__Exercise requirements__
Retype the entries below exactly, dropping the images.

(Extracted data entries)
*** Begin section ***

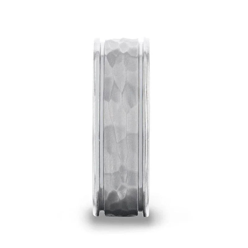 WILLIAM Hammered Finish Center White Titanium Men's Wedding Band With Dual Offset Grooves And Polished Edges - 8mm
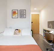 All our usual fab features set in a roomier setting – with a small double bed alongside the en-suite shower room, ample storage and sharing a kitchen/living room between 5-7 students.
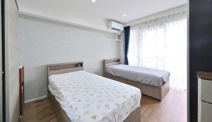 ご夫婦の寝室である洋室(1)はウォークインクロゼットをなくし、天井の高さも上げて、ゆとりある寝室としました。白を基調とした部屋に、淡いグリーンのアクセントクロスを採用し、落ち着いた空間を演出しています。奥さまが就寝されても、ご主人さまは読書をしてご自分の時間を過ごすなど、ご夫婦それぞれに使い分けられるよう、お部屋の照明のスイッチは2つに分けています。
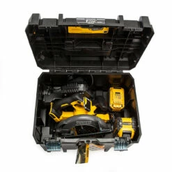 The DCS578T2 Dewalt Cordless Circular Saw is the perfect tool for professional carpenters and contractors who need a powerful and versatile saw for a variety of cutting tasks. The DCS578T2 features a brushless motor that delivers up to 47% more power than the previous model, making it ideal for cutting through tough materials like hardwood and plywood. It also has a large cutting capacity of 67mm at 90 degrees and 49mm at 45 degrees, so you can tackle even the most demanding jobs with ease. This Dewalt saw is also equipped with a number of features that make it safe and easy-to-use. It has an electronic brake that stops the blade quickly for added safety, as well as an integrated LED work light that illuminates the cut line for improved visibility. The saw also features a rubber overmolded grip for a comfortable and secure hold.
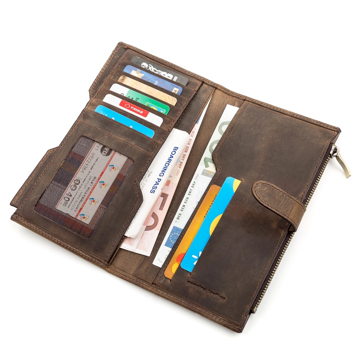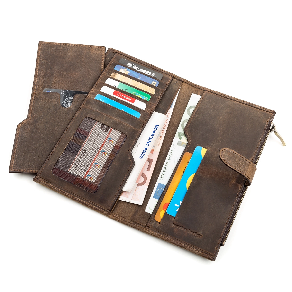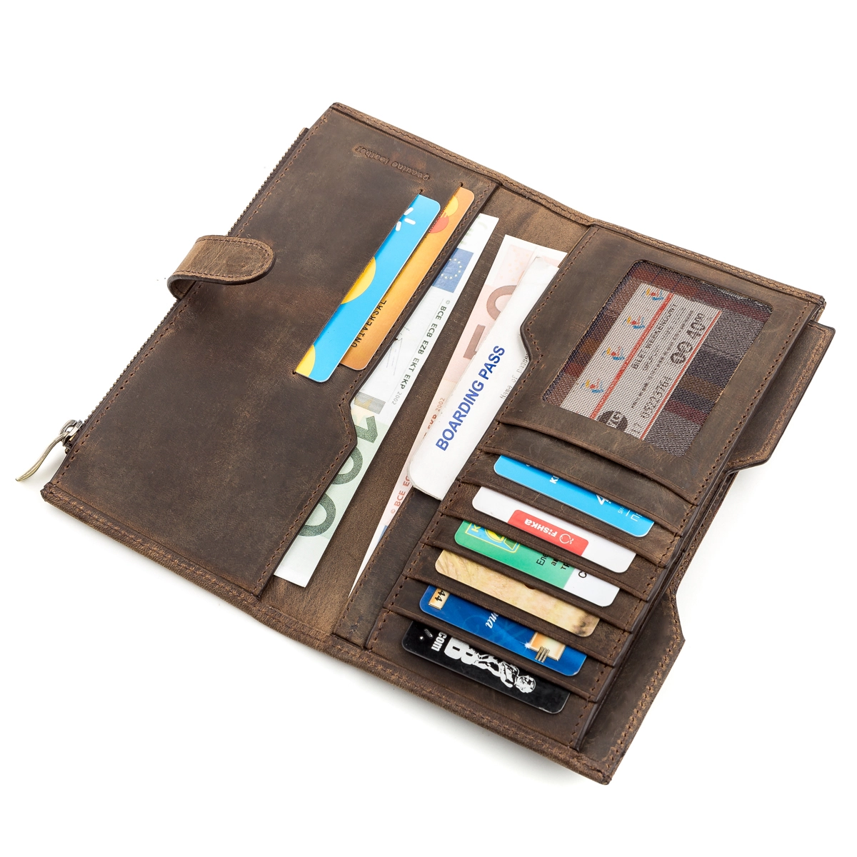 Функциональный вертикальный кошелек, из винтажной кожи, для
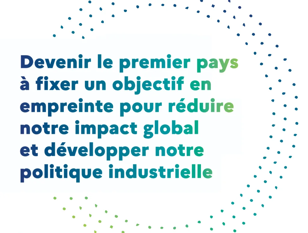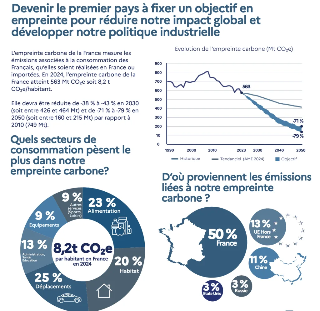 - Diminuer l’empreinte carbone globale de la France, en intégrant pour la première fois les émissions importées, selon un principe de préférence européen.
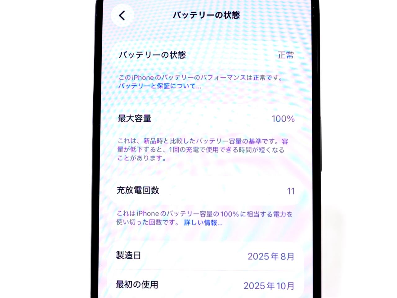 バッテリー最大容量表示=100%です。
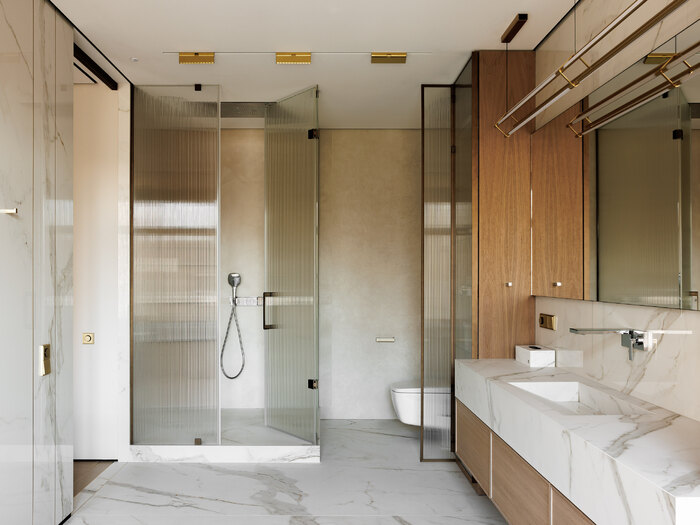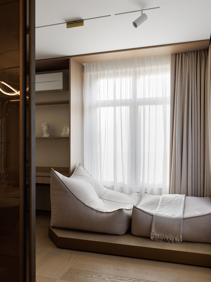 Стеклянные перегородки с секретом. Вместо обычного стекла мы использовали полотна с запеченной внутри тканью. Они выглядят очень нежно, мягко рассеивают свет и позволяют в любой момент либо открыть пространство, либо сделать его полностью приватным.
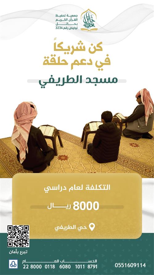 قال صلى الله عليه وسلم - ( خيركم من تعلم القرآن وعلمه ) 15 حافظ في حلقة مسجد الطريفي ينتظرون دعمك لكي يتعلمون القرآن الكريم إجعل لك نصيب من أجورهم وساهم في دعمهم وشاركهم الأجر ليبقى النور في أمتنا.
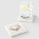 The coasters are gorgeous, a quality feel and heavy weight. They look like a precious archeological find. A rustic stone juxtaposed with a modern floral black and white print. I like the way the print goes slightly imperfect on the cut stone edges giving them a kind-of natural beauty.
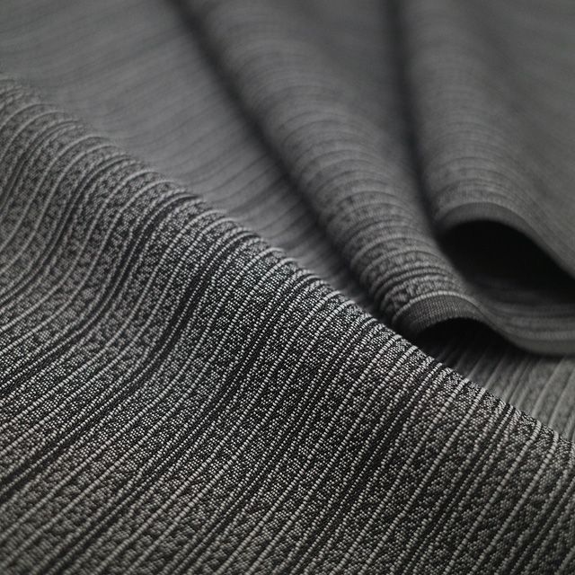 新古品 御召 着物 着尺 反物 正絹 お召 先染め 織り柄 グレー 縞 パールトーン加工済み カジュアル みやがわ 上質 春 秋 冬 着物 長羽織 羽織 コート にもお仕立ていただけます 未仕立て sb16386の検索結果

*** End section ***

__Solution to the exercise__
 WILLIAM Hammered Finish Center White Titanium Men's Wedding Band With Dual Offset Grooves And Polished Edges - 8mm
 All our usual fab features set in a roomier setting – with a small double bed alongside the en-suite shower room, ample storage and sharing a kitchen/living room between 5-7 students.
 ご夫婦の寝室である洋室(1)はウォークインクロゼットをなくし、天井の高さも上げて、ゆとりある寝室としました。白を基調とした部屋に、淡いグリーンのアクセントクロスを採用し、落ち着いた空間を演出しています。奥さまが就寝されても、ご主人さまは読書をしてご自分の時間を過ごすなど、ご夫婦それぞれに使い分けられるよう、お部屋の照明のスイッチは2つに分けています。
 The DCS578T2 Dewalt Cordless Circular Saw is the perfect tool for professional carpenters and contractors who need a powerful and versatile saw for a variety of cutting tasks. The DCS578T2 features a brushless motor that delivers up to 47% more power than the previous model, making it ideal for cutting through tough materials like hardwood and plywood. It also has a large cutting capacity of 67mm at 90 degrees and 49mm at 45 degrees, so you can tackle even the most demanding jobs with ease. This Dewalt saw is also equipped with a number of features that make it safe and easy-to-use. It has an electronic brake that stops the blade quickly for added safety, as well as an integrated LED work light that illuminates the cut line for improved visibility. The saw also features a rubber overmolded grip for a comfortable and secure hold.
 Функциональный вертикальный кошелек, из винтажной кожи, для
 - Diminuer l’empreinte carbone globale de la France, en intégrant pour la première fois les émissions importées, selon un principe de préférence européen.
 バッテリー最大容量表示=100%です。
 Стеклянные перегородки с секретом. Вместо обычного стекла мы использовали полотна с запеченной внутри тканью. Они выглядят очень нежно, мягко рассеивают свет и позволяют в любой момент либо открыть пространство, либо сделать его полностью приватным.
 قال صلى الله عليه وسلم - ( خيركم من تعلم القرآن وعلمه ) 15 حافظ في حلقة مسجد الطريفي ينتظرون دعمك لكي يتعلمون القرآن الكريم إجعل لك نصيب من أجورهم وساهم في دعمهم وشاركهم الأجر ليبقى النور في أمتنا.
 The coasters are gorgeous, a quality feel and heavy weight. They look like a precious archeological find. A rustic stone juxtaposed with a modern floral black and white print. I like the way the print goes slightly imperfect on the cut stone edges giving them a kind-of natural beauty.
 新古品 御召 着物 着尺 反物 正絹 お召 先染め 織り柄 グレー 縞 パールトーン加工済み カジュアル みやがわ 上質 春 秋 冬 着物 長羽織 羽織 コート にもお仕立ていただけます 未仕立て sb16386の検索結果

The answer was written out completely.